On Mon, Oct 22, 2018 at 3:05 PM Alexandre Courbot <acourbot@xxxxxxxxxxxx> wrote:
>
> On Fri, Oct 19, 2018 at 5:44 PM Hans Verkuil <hverkuil@xxxxxxxxx> wrote:
> >
> > On 10/19/18 10:09, Alexandre Courbot wrote:
> > > Thanks everyone for the feedback on v2! I have not replied to all the
> > > individual emails but hope this v3 will address some of the problems
> > > raised and become a continuation point for the topics still in
> > > discussion (probably during the ELCE Media Summit).
> > >
> > > This patch documents the protocol that user-space should follow when
> > > communicating with stateless video decoders. It is based on the
> > > following references:
> > >
> > > * The current protocol used by Chromium (converted from config store to
> > > request API)
> > >
> > > * The submitted Cedrus VPU driver
> > >
> > > As such, some things may not be entirely consistent with the current
> > > state of drivers, so it would be great if all stakeholders could point
> > > out these inconsistencies. :)
> > >
> > > This patch is supposed to be applied on top of the Request API V18 as
> > > well as the memory-to-memory video decoder interface series by Tomasz
> > > Figa.
> > >
> > > Changes since v2:
> > >
> > > * Specify that the frame header controls should be set prior to
> > > enumerating the CAPTURE queue, instead of the profile which as Paul
> > > and Tomasz pointed out is not enough to know which raw formats will be
> > > usable.
> > > * Change V4L2_CID_MPEG_VIDEO_H264_SLICE_PARAM to
> > > V4L2_CID_MPEG_VIDEO_H264_SLICE_PARAMS.
> > > * Various rewording and rephrasing
> > >
> > > Two points being currently discussed have not been changed in this
> > > revision due to lack of better idea. Of course this is open to change:
> > >
> > > * The restriction of having to send full frames for each input buffer is
> > > kept as-is. As Hans pointed, we currently have a hard limit of 32
> > > buffers per queue, and it may be non-trivial to lift. Also some codecs
> > > (at least Venus AFAIK) do have this restriction in hardware, so unless
> > > we want to do some buffer-rearranging in-kernel, it is probably better
> > > to keep the default behavior as-is.

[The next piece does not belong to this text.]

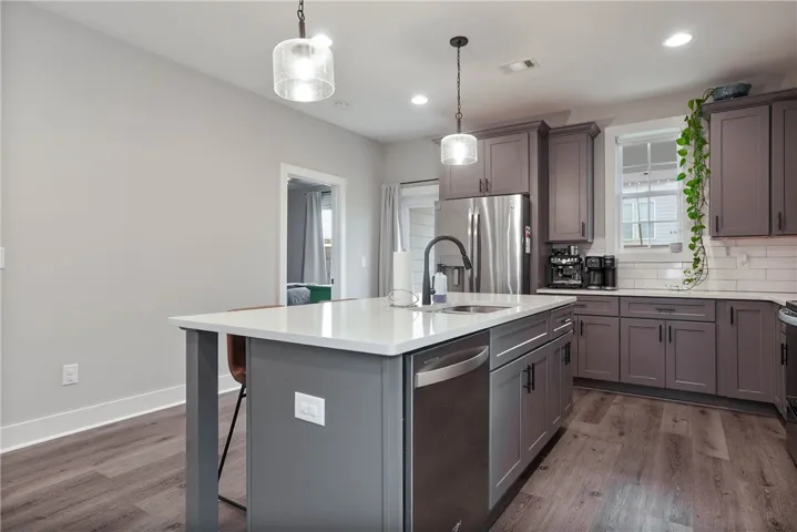 This home is a rare find in Fox Run Village offering 3 bedrooms, 2 bathrooms, and a two-car garage. Step inside to discover an open, light-filled living area with vaulted ceilings and an inviting, thoughtfully designed layout. The seamless flow between the kitchen and living spaces makes both everyday living and entertaining effortless. The primary suite is a true retreat, featuring a walk-in shower and a stunning accent wall that adds character and charm. Outside, you’ll enjoy a fully fenced backyard with beautiful landscaping—perfect for pets, play, or relaxing evenings outdoors. Conveniently located just minutes from downtown Opelika and easy access to the interstate, this home combines comfort, style, and convenience.

Finally, relaxing the rule should
> > > be easy enough if we add one extra control to query whether the
> > > hardware can work with slice units, as opposed to frame units.
> >
> > Makes sense, as long as the restriction can be lifted in the future.
>
> Lifting this limitation once we support more than 32 buffers should
> not be an issue. Just add a new capability control and process things
> in slice units. Right now we have hardware that can only work with
> whole frames (venus)

Note that venus is a stateful hardware and the restriction might just
come from the firmware.

> but I suspect that some slice-only hardware must
> exist, so it may actually become a necessity at some point (lest
> drivers do some splitting themselves).
>

The drivers could do it trivially, because the UAPI will include the
array of slices, with offsets and sizes. It would just run the same
OUTPUT buffer multiple time, once for each slice.

The primary use case I personally see for splitting slices into
multiple buffers would be lowering the latency, as Hans mentioned
earlier and we should be able to do it easily later.